As I’ve mentioned before, back in 2001 I bought a few boxes of correspondence from Darrow’s estate, including dozens of letters that Binder had written to Darrow over the course of many decades. In going through them last month, I pulled this one and thought I’d post it today.

Once in NYC, Otto quickly resumed his friendships with Mort Weisinger and Charles Hornig, and rapidly met more figures involved in the local science fiction community. Less than two weeks after he’d arrived, he was invited to a gathering at Frank Belknap Long’s place, which was held on Friday, January 3, 1936. Binder and Long were fellow Weird Tales authors, with Binder and his brother, Earl, having sold WT some stories under their Eando Binder penname.

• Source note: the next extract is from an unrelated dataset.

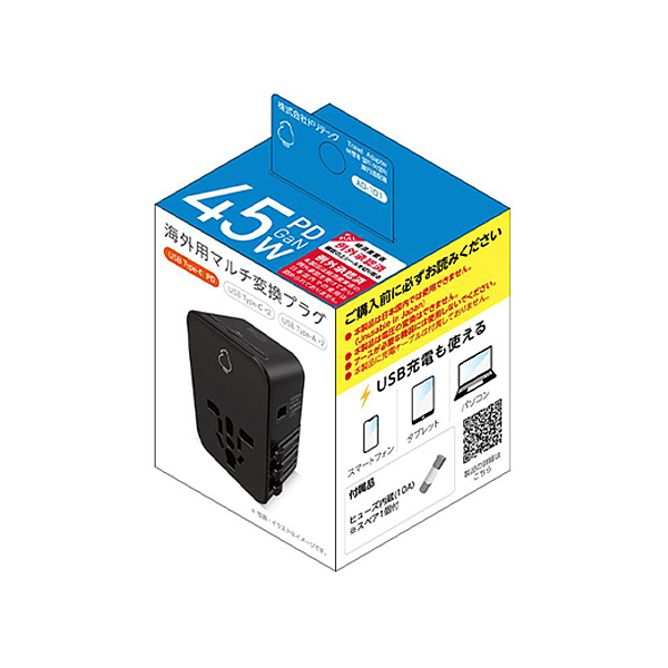 ●200以上の国と地域に対応する4タイプのコンセント形状。 ●45W(単独接続時)PD対応のUSB Type-C 1口 ●複数の携帯機器を同時に接続 ※最大5台USB充電可能 ●3口のUSB Type-Cポート搭載 ●2口のType-Aポート搭載 ●交換可能ヒューズ内蔵(スペア1個付) ●商品重量:約165g ●入力:AC100〜240V 50/60Hz、 10A(ACコンセント)+1A(USB充電器) ●ACコンセント出力:AC100〜240V/10A(パススルー) ※110Vの地域では1100W以上の機器は使用できません。 ●USBポート出力 USBーTypeC(PD):単独接続時 45W、複数接続時 30W ●USBポート出力 USBーTypeC(5V):単独接続時 Type-C(5V) 5V/3A ●USBポート出力 USB-A×2:単独接続時 Type-A 5V/2.4A、複数接続時 合計3A ●付属品:スペアヒューズ×1個(本体内蔵) ●ヘッダー付き化粧箱入り |

Among the others at the party were Donald and Howard Wandrei, Kenneth Sterling and, most interestingly of all, H.P. Lovecraft. Lovecraft impressed Binder greatly, as he relates in this letter to Darrow dated January 12, 1936. That would have been some gathering to attend!

(8) HAMPUS, IS THAT YOU? Not a toll-free call! CNN has the story: “The Swedish Number: Random Swedes are waiting to hear from you”.

Are you there, Sweden? It’s us, the world.

To mark the 250th anniversary of Sweden’s abolition of censorship, the Swedish Tourist Association has launched a phone number connecting global callers with random Swedes.

Think Chatroulette meets the United Nations.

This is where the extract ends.